Extracted material →

◇ ◇ ◇ ◇ ◇

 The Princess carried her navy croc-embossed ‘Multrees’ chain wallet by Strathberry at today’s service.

◇ ◇ ◇ ◇ ◇

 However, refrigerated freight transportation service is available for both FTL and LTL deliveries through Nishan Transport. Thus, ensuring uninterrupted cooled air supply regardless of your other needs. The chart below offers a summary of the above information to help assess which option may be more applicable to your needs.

◇ ◇ ◇ ◇ ◇

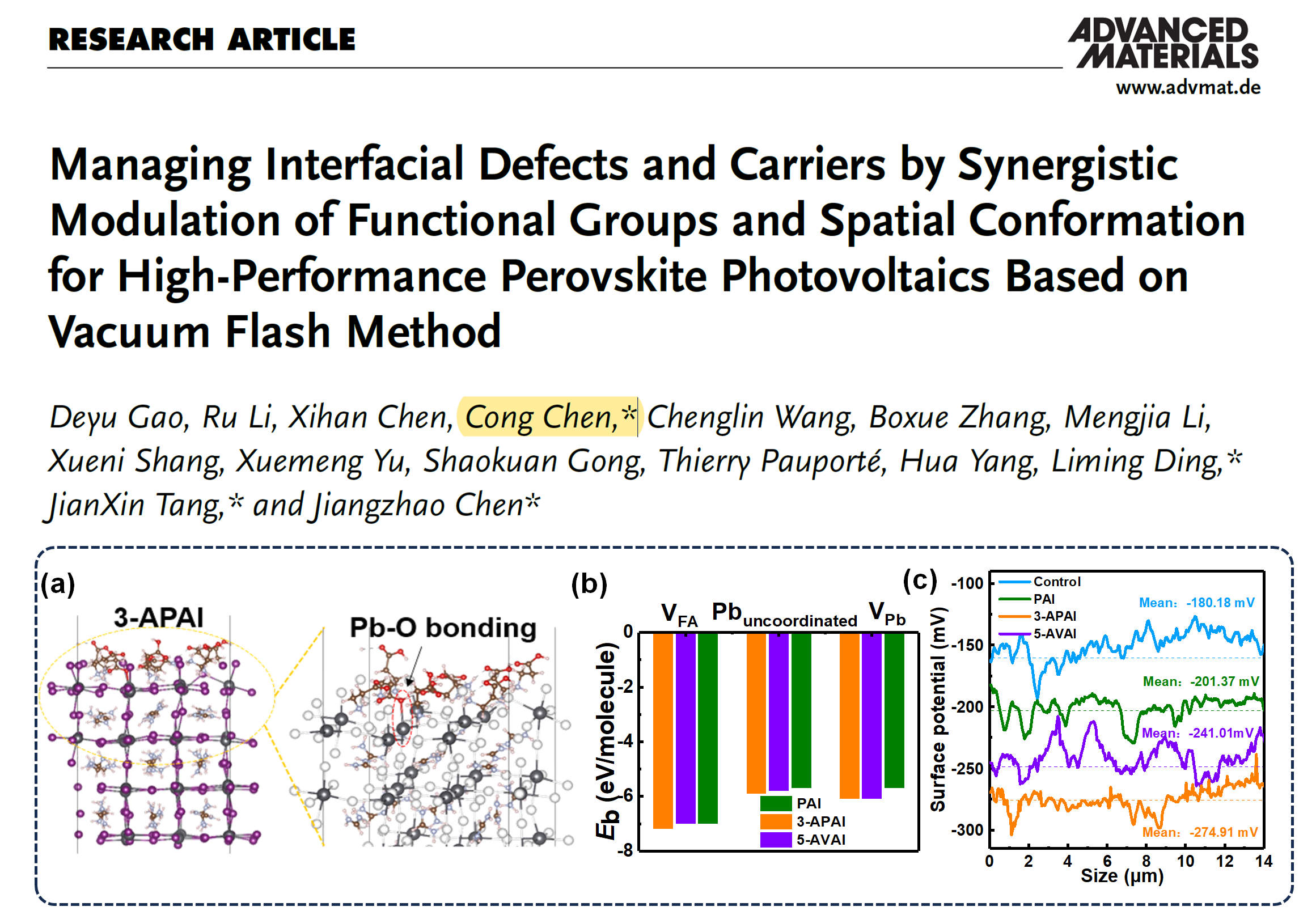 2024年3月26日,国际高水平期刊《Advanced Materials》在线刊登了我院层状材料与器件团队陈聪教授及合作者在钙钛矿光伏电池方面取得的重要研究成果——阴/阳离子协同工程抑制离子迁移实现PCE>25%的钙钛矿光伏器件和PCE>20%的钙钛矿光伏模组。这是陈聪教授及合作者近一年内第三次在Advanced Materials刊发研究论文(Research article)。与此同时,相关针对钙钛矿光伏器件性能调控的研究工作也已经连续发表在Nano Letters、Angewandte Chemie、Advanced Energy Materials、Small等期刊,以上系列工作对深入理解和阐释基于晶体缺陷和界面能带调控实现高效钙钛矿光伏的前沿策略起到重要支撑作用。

◇ ◇ ◇ ◇ ◇

Task item →
Which lines above contain "service"? Show each of them.

Your response →
 The Princess carried her navy croc-embossed ‘Multrees’ chain wallet by Strathberry at today’s service.
 However, refrigerated freight transportation service is available for both FTL and LTL deliveries through Nishan Transport. Thus, ensuring uninterrupted cooled air supply regardless of your other needs. The chart below offers a summary of the above information to help assess which option may be more applicable to your needs.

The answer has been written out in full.